Magnus frowned. "But the others, who wished to escape . . ."

"They have pious spouses now, and children. They will not wish to leave them; they are bound to the grinding of their souls for twenty years and more."

Magnus winced. Rod knew the cause, and turned to change the subject quickly. "And that," he said to Magnus, "is why everybody who's left in the village likes that form of government."

Magnus looked startled-that wasn't what he'd been thinking about. Then he frowned in thought.

Rod turned to the fugitives. "We're probably safe for the night here, so you might as well bed down. My son and I will keep watch."

"I thank thee, milord," Roble said slowly. "I cannot thank thee enough."

"Just have a happier life than you have already-and don't think it's going to be easy. You'll still have to work for a living, and you'll probably find the lord of your manor to be just as overbearing as the bishop."

"But from a lord one might expect it!" Neil burst out. "They are no holier than we; they are not supposed to be more perfect!"

"I suppose that makes it easier to bear," Rod admitted, "though I think my wife might give you an argument about what's expected of a nobleman. Anyway, good night, folks."

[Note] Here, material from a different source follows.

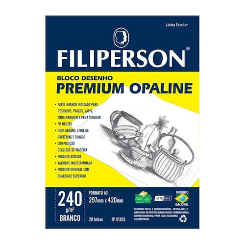 Bloco a3 premium branco 240grs c/20 folhas filiperson 01393 O bloco escolar premium opaline é ideal para atividades escolares, artísticas e trabalhos manuais. O papel branco liso e gramatura de 240g/m, oferece excelente rigidez e acabamento. Sua superfície uniforme garante cores mais vivas e definição ao desenhar, pintar ou imprimir. É perfeito para uso em escolas, escritórios, gráficas e projetos criativos.
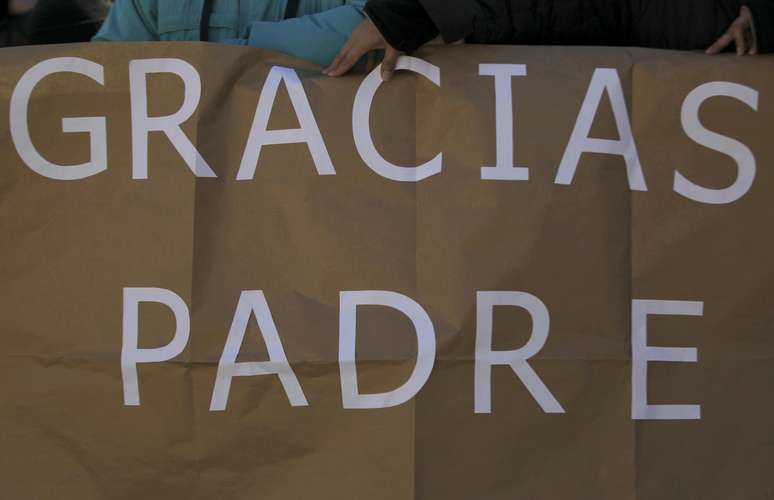 Fiéis de diferentes nacionalidades agradecem ao Papa com cartazes

It took a little more talking and soothing to get them settled, and Hester pointedly slept on the other side of Roble, rather than right next to Neil-but she gave the lad a few looks that made it clear it was more by duty than by desire. The whole pantomime even evoked a tired smile from the bereaved father, who made a few reassuring noises of his own, and finally got them settled down and breathing evenly. Privately, Rod thought that the byplay between the young folk must have given Roble a pang of grief, reminding him of his own Ranulf and the joy the lad had never had-but if his tears flowed in the moonlight, surely there was no one to see but himself.

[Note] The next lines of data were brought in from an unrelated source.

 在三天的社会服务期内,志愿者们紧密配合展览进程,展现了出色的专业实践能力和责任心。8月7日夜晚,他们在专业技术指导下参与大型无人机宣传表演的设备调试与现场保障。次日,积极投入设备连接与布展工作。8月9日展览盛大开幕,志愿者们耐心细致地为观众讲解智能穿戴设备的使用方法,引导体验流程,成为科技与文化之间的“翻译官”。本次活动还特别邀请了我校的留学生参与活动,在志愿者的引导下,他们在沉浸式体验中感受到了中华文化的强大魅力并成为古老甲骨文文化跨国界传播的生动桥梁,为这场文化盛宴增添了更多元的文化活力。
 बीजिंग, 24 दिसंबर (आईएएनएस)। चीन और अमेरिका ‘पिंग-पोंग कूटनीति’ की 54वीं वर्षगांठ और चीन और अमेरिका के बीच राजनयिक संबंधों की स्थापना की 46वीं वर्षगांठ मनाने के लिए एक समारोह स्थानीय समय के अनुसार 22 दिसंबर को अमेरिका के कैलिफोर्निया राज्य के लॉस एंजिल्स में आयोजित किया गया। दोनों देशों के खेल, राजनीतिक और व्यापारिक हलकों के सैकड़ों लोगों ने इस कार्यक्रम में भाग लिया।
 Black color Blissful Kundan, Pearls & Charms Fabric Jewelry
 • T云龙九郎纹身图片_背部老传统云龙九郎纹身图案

Magnus drew Rod aside over a very small, well-shielded watch fire. "And now, assuredly, thou wilt lecture me over the sinfulness of a theocracy."

"No, really-I had in mind discussing the perils of do-ityourself religion."

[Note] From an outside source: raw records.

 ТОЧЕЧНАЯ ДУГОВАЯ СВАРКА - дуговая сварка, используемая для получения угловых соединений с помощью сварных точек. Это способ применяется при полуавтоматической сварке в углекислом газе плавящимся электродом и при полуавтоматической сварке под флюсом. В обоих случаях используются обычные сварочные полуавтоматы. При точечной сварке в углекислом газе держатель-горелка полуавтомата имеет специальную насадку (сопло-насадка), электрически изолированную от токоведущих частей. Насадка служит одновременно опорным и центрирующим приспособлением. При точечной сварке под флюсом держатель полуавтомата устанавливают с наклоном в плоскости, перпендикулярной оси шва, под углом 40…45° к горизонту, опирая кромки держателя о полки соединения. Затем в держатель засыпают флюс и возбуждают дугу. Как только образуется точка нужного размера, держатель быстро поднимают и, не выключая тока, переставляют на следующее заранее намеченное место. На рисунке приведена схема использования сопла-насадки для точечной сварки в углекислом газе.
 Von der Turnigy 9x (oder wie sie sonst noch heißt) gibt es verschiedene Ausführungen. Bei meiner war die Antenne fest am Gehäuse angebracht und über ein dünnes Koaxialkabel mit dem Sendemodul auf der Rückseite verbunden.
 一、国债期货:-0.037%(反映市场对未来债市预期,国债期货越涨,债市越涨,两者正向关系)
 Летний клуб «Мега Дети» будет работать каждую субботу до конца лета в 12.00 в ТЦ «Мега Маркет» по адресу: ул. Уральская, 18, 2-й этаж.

Magnus frowned, not understanding.

"That's one way of looking at a cult," Rod explained. "Somebody dreams up a new religion, or a new version of an old one, which exactly meets his own taste and whim-and, even if he's sincere, Truth is apt to get lost in the process."

Magnus nodded. "More to the point, given time he will remold his religion to assure his own power and wealth."

"Yes-and if he's mentally unstable, he'll lead all his people into lunacy."

"Say rather, delusion," Magnus offered, "yet those delusions he will present them will be most attractive ones, so that many will wish to join him-and be subject to him." He frowned. "Dust thou truly think the first of these spurious bishops, Eleazar, was so cynical as to pretend to a lie, in telling his folk the Abbot had elevated him to an episcopal see?"

"No, now that you mention it." Rod frowned. "He probably managed to justify it to himself-other people found it easy to believe his lies, but that made him feel guilty, so he start believing them, himself."

"And thus is delusion born." Magnus nodded. "Still, for those who are content, and even happy, to live in such a community, who are we to tell them nay?"

"The ones who are supposed to be their leaders," Rod countered. "We're supposed to protect the ones who aren't happy under that system."

"And assure them the right to leave? Aye, that we should-but if that right is given, and those who dislike the theocracy are filtered out without hurt, we would be wrong to attempt to change it."

Rod heaved a sigh. "I'm afraid that's something we'll never agree on, son. I suppose I'm a bit of a fanatic, myself-I can't rest easy knowing there's a government in power that I can see only as being false, exploitative, and morally wrong."

Magnus started to contradict his father, then caught himself and forced a smile. "'Tis even as thou hast said-we will never agree."

"That's what I thought," Rod said, with a sardonic smile. "Well, if we're going to be able to protect the rights of these people tomorrow, son, we'd better get some sleep tonight. You want to take first watch, or shall I?"